Managing Anger and Stress

It’s holiday time again, and some of us are ecstatic….and some of us are not. Holidays are usually a time when memories and emotions reappear from childhood, and they aren’t always the easiest ones to negotiate. Even if we are not consciously aware of it, longings and expectations about what “family” is, or what “Christmas” or “New Year” are supposed to be, can affect us heavily in our emotional lives.

Many of us experience a lot of stress around this time of year - triggered by lack of sunlight during the dark winter solstice, or our mounting credit card bills, or from family dynamics that often play out during “festive” gatherings. Fortunately, there is help, and it is easy. All it takes is using something we already have - our breath.

As a peace educator, I have a lot of respect for using our breath as a tool to center ourselves, and to feel more grounded and calm. If you notice that you are feeling anxious in any way, take some time…a few moments…to become aware of your breath. Notice yourself, your body, your thoughts. Probably, you are holding your breath or not breathing very deeply. So stop your busyness - and give yourself the gift of a deep breath. Or two. Or five. Fill your belly and your lungs. Allow your entire torso to fill with good oxygen on the inhale and empty fully on the exhale.

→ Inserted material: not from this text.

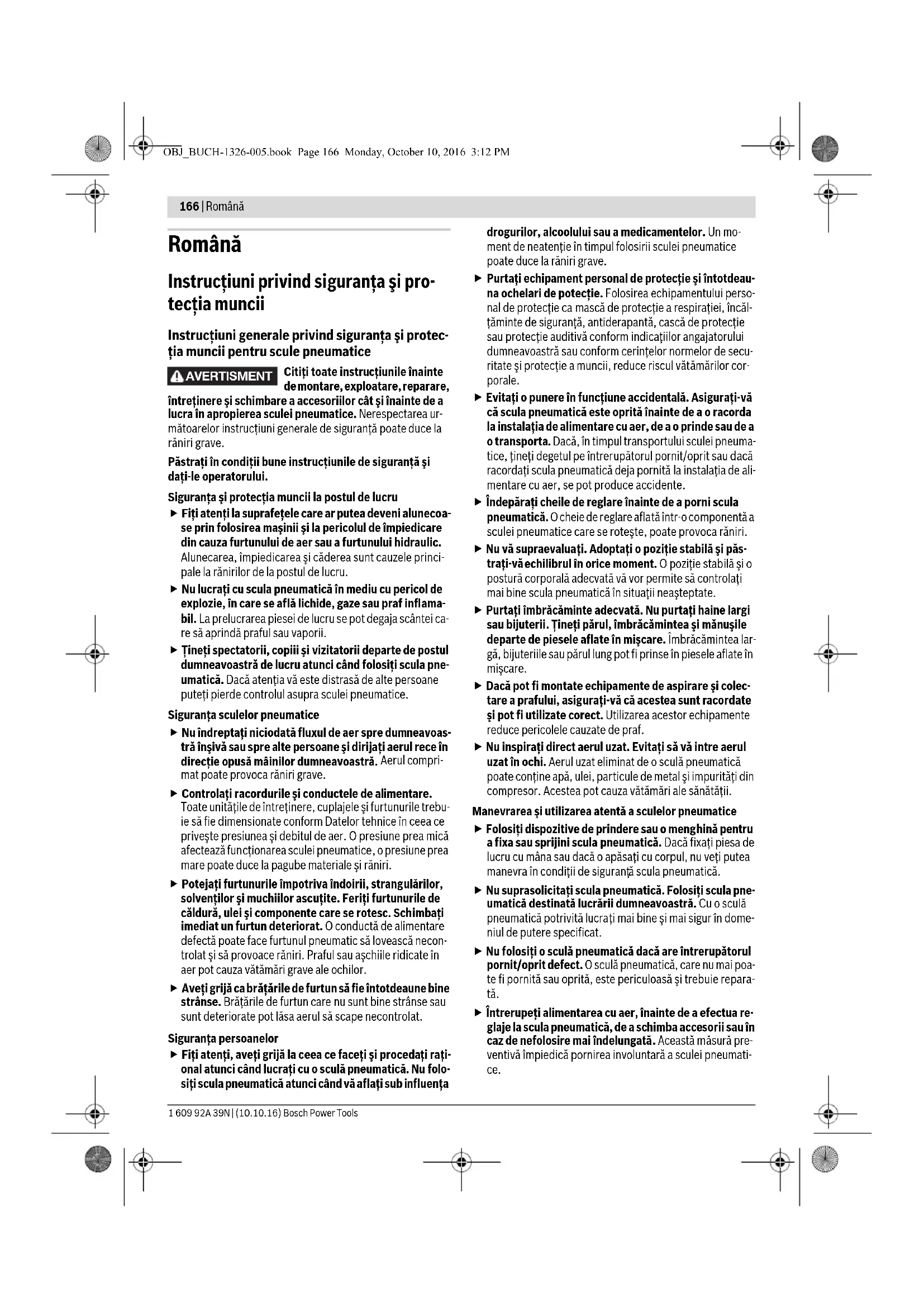 Purtaţi echipament personal de protecţie şi întotdeau- na ochelari de potecţie. Folosirea echipamentului perso- nal de protecţie ca mască de protecţie a respiraţiei, încăl- ţăminte de siguranţă, antiderapantă, cască de protecţie sau protecţie auditivă conform indicaţiilor angajatorului dumneavoastră sau conform cerinţelor normelor de secu- ritate şi protecţie a muncii, reduce riscul vătămărilor cor- porale. Evitaţi o punere în funcţiune accidentală. Asiguraţi-vă că scula pneumatică este oprită înainte de a o racorda la instalaţia de alimentare cu aer, de a o prinde sau de a o transporta. Dacă, în timpul transportului sculei pneuma- tice, ţineţi degetul pe întrerupătorul pornit/oprit sau dacă racordaţi scula pneumatică deja pornită la instalaţia de ali- mentare cu aer, se pot produce accidente. Îndepăraţi cheile de reglare înainte de a porni scula pneumatică. O cheie de reglare aflată într-o componentă a sculei pneumatice care se roteşte, poate provoca răniri. Nu vă supraevaluaţi. Adoptaţi o poziţie stabilă şi păs- traţi-vă echilibrul în orice moment. O poziţie stabilă şi o postură corporală adecvată vă vor permite să controlaţi mai bine scula pneumatică în situaţii neaşteptate. Purtaţi îmbrăcăminte adecvată. Nu purtaţi haine largi sau bijuterii. Ţineţi părul, îmbrăcămintea şi mănuşile departe de piesele aflate în mişcare. Îmbrăcămintea lar- gă, bijuteriile sau părul lung pot fi prinse în piesele aflate în mişcare. Dacă pot fi montate echipamente de aspirare şi colec- tare a prafului, asiguraţi-vă că acestea sunt racordate şi pot fi utilizate corect. Utilizarea acestor echipamente reduce pericolele cauzate de praf. Nu inspiraţi direct aerul uzat. Evitaţi să vă intre aerul uzat în ochi. Aerul uzat eliminat de o sculă pneumatică poate conţine apă, ulei, particule de metal şi impurităţi din compresor. Acestea pot cauza vătămări ale sănătăţii. Manevrarea şi utilizarea atentă a sculelor pneumatice Folosiţi dispozitive de prindere sau o menghină pentru a fixa sau sprijini scula pneumatică. Dacă fixaţi piesa de lucru cu mâna sau dacă o apăsaţi cu corpul, nu veţi putea manevra în condiţii de siguranţ ă scula pneumatică. Nu suprasolicitaţi scula pneumatică. Folosiţi scula pne- umatică destinată lucrării dumneavoastră. Cu o sculă pneumatică potrivită lucraţi mai bine şi mai sigur în dome- niul de putere specificat. Nu folosiţi o sculă pneumatică dacă are întrerupătorul pornit/oprit defect. O sculă pneumatică, care nu mai poa- te fi pornită sau oprită, este periculoasă şi trebuie repara- tă. Întrerupeţi alimentarea cu aer, înainte de a efectua re- glaje la scula pneumatică, de a schimba accesorii sau în caz de nefolosire mai îndelungată. Această măsură pre- ventivă împiedică pornirea involuntară a sculei pneumati- ce. AVERTISMENT OBJ_BUCH-1326-005.book Page 166 Monday, October 10, 2016 3:12 PMRomână | 167 Bosch Power Tools 1 609 92A 39N | (10.10.16) Depozitaţi sculele pneumatice nefolosite la loc inacce- sibil copiilor. Nu permiteţi folosirea sculei pneumatice de persoane nefamiliarizate cu aceasta sau care nu au citit prezentele instrucţiuni. Sculele pneumatice sunt periculoase atunci când sunt folosite de persoane lipsite de experienţă. Întreţineţi-vă cu grijă scula pneumatică. Controlaţi da- că, componentele mobile ale sculei pneumatice funcţi- onează impecabil şi nu se blochează şi dacă nu sunt pie- se rupte sau deteriorate care să afecteze buna funcţio- nare a sculei pneumatice. Înainte de utilizare, reparaţi piesele defecte ale sculei pneumatice. Cauza multor ac- cidente o constituie sculele pneumatice întreţinute neco- respunător. Folosiţi scula pneumatică, accesoriile, dispozitivele de lucru etc. conform prezentelor instrucţiuni. Ţineţi sea- ma în acest sens de activitatea ce urmează să o desfă- şuraţi. Astfel veţi reduce cât mai mult posibil degajarea pa- fului, vibraţiile şi zgomotele. Scula pneumatică ar trebui să fie montată, reglată sau utilizată numai de c ătre operatori corespunzător califi- caţi şi instruiţi. Nu este permisă modificarea sculei pneumatice. Modi- ficările pot diminua eficienţa măsurilor de securitate şi mă- ri riscurile pentru operator Service Nu permiteţi repararea sculei dumneavoastră pneuma- tice decât de către personal de specialitate corespun- zător calificat şi numai cu piese de schimb originale. Astfel veţi avea garanţia că este menţinută siguranţa sculei pneumatice. Instrucţiuni de siguranţă pentru şlefuitor pneu- matic cu excentric În cazul ruperii piesei de lucru sau a unui accesoriu sau chiar a sculei pnumatice, componente ale acestora pot fi aruncate afară cu viteză mare. În timpul funcţionării cât şi în timpul lucrărilor de repa- raţii sau întreţinere şi la schimbarea accesoriilor sculei pneumatice trebuie să purtaţi întotdeauna un echipa- ment de protecţie a ochilor rezistent la şocuri. Gradul se protecţie ncesar ar trebui evaluat pentru fiecare uti- lizare în parte. Purtaţi cască de protecţie atunci când lucraţi deasupra capului. Astfel veţi evita eventualele răniri. Aveţi grijă ca celelalte persoane să se afle la o distanţă sigură faţă de sectorul dumneavoastră de lucru. Toţi cei care intră în sectorul de lucru trebuie să poarte echipament personal de protecţie. Fragmentele rupte din piesa de lucru sau desprinse din discul de tăiere pot zbura prin aer şi cauza răniri chiar în afara sectorului direct de lucru. Atenţie! În timpul unei funcţionării mai îndelungate a sculei pneumatice accesoriile se pot înfierbânta. Folo- siţi mănuşi de protecţie. Operatorul şi personalul de întreţinere trebuie să fie capabili din punct de vedere fizic să manevreze dimen- siunile, greutatea şi puterea sculei pneumatice. Fiţi pregătiţi în caz de mi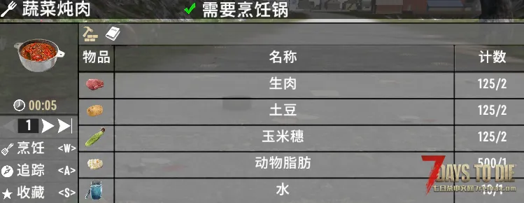肉类都只需要一份生肉,炖肉,蔬菜炖肉和牛排配土豆只需要两份生肉。

One really helpful point about tuning in to your breath is to be especially aware of the difference between your inhale and your exhale. They are two separate parts of one breath, and you can use them for different needs. For relaxation and stress reduction, use the exhale as your point of focus. Try breathing out about twice as long as your inhale. So if you inhale for two counts, exhale for four. Next breath, experiment with inhaling for three counts and exhaling for six. Whatever you do for your inhale, exhale very slowly and evenly. Take as long as you want to get to the end of your breath. As you are exhaling, you will be lowering your heart rate, releasing tension from your muscles, and enlivening your blood. Your head will clear, and you’ll be able to handle your holiday office party much, much better.

Hope this helps. When I teach the good men in San Quentin Prison, they often remark upon how much this simple relaxing breath technique helps them. I figure if it works for them, in an intense place like San Quentin, it can work for you and me.

Try it, and let me know how it goes. Happy Holy Days!